[Lizzy Glenn by T. S. Arthur]@TWC D-Link bookLizzy Glenn CHAPTER VIII 2/17
The snow and water went through them as through a sieve. Before the first of February, the poor boy was almost crippled with the chilblains.
Through the day, he hobbled about as best he could, often in great pain; and at night the tender skin of his feet, irritated by the warmth of the bed, would keep him awake for hours with a most intolerable burning and itching. "Why don't you walk straight? What do you go shuffling along in that kind of style for ?" said Sharp to him one day, toward the last of January. "My feet are so sore," replied Henry, with a look of suffering, blended with patient endurance. "What's the matter with them, ha ?" asked his master glancing down at the miserable apologies for shoes and stockings that but partially protected the child's feet front the snow whenever he stepped beyond the threshold. "They're frosted, sir," said Henry. "Frosted, ha?

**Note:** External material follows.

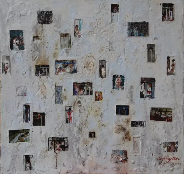 杜海军一直用不同的方式来表现画面,不仅限于油画,对综合材料的运用也勇于突破。看似随意的墙,斑驳之下,也能于其上看到岁月走过的痕迹,《斑驳的墙之三》中用杂志拼贴,不同人物展现着不一样的生活状态,窗户也并非看似随意地排列,仿佛在寻找一个距离和舒适之间最完美的结合状态,也就是当下的最清晰的那个点。强烈的代入感,仿佛让观者一次又一次地置身于他所创造的城中。
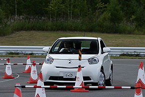 一方で、街中の利用を模した狭路走行コースでは、最小回転半径3.9メートルという“小回り”の性能を遺憾なく発揮。狭い道でもクイクイと曲がり、わずかなスペースでの車庫入れやUターンもこなす。しかし、iQは全長は驚異的に短いのに全幅は普通車並みというある意味トリッキーなサイズで、しかも最小回転半径はとても小さいので、初めての狭路走行コースでその動きに戸惑うこともあった。頭で想像する以上に「小回りが利きすぎる」ことにヒヤッとさせられたのだ。また、コンパクトカーなのに前後左右の見切りはそれほどよくない。逆説的だが、初めてiQに乗ったときは小回りのよさに慣れが必要かもしれない。

Pull off your shoes and stockings, and let me see." Henry drew off an old shoe, tied on with various appliances of twine and leather strings; and then removed a stocking that, through many gaping holes, revealed the red and shining skin beneath.

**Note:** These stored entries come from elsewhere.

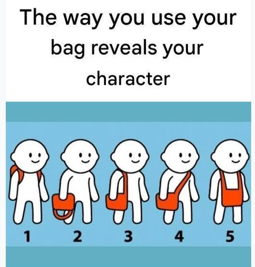 If you prefer carrying your bag in your hand, this reveals a commanding presence and a strong sense of control. You likely value order and enjoy being in charge of your surroundings. This method of carrying a bag is common among individuals who are detail-oriented and thrive in environments where they can exercise their organizational skills.
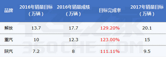 面对2017年的市场,解放将重卡目标定为20.1万辆——这比2016年解放重卡销量的14.8万辆多出5.3万辆。5万辆重卡是什么概念?须知江淮在重卡界也是响当当的招牌,2016年全年重卡销量也才4.29万,解放这是要再开一家江淮的架势!
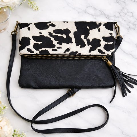 Äkta skinn, 3 rejäla hela dragkedjor och en liten hållare för mindre mobil inuti. Snabbfack 2 större på framsidan och ett extrafack m hel dragkedja mot kroppen.
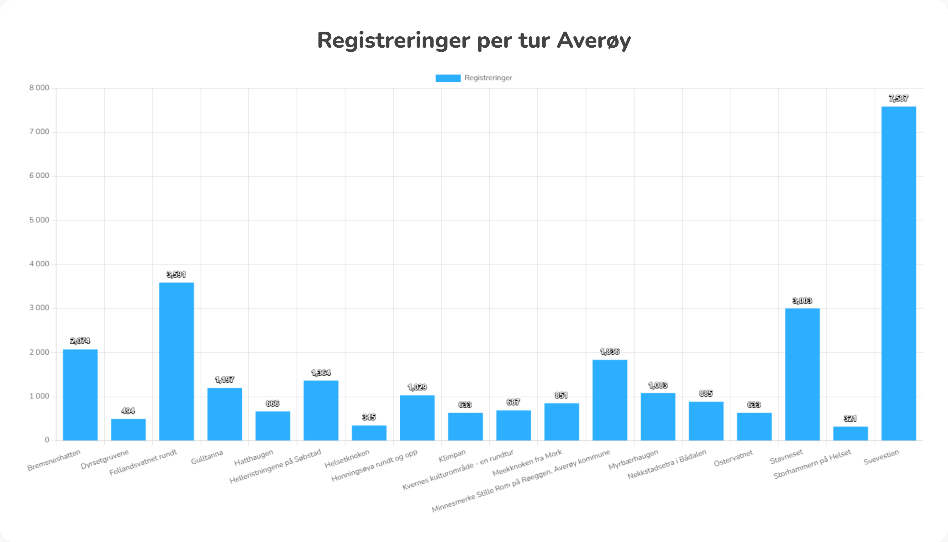 I Averøy er det 18 turer med variert gradering. Vi oppfordrer alle til å gå til flere av dem, om ikke til alle. Inviter gjerne noen med på tur. Det er alltid superhyggelig å bli invitert med.

That little foot was a sight to pain the heart of any one but a cruel tyrant. The heel, in many places, was of a dark purple, and seemed as if mortification were already begun.
And in some places it was cracked open, and exhibited running sores. "Take off your other shoe and stocking," said Sharp, in authoritative tone. Henry obeyed, trembling all the while.
This foot exhibited nearly the same marks of the progress of the painful disease. "What have you done for it ?" asked Sharp, looking Henry in the face with a scowl. "Nothing but to put a little candle-grease on it at night before I went to bed," replied the child. "Come out here with me.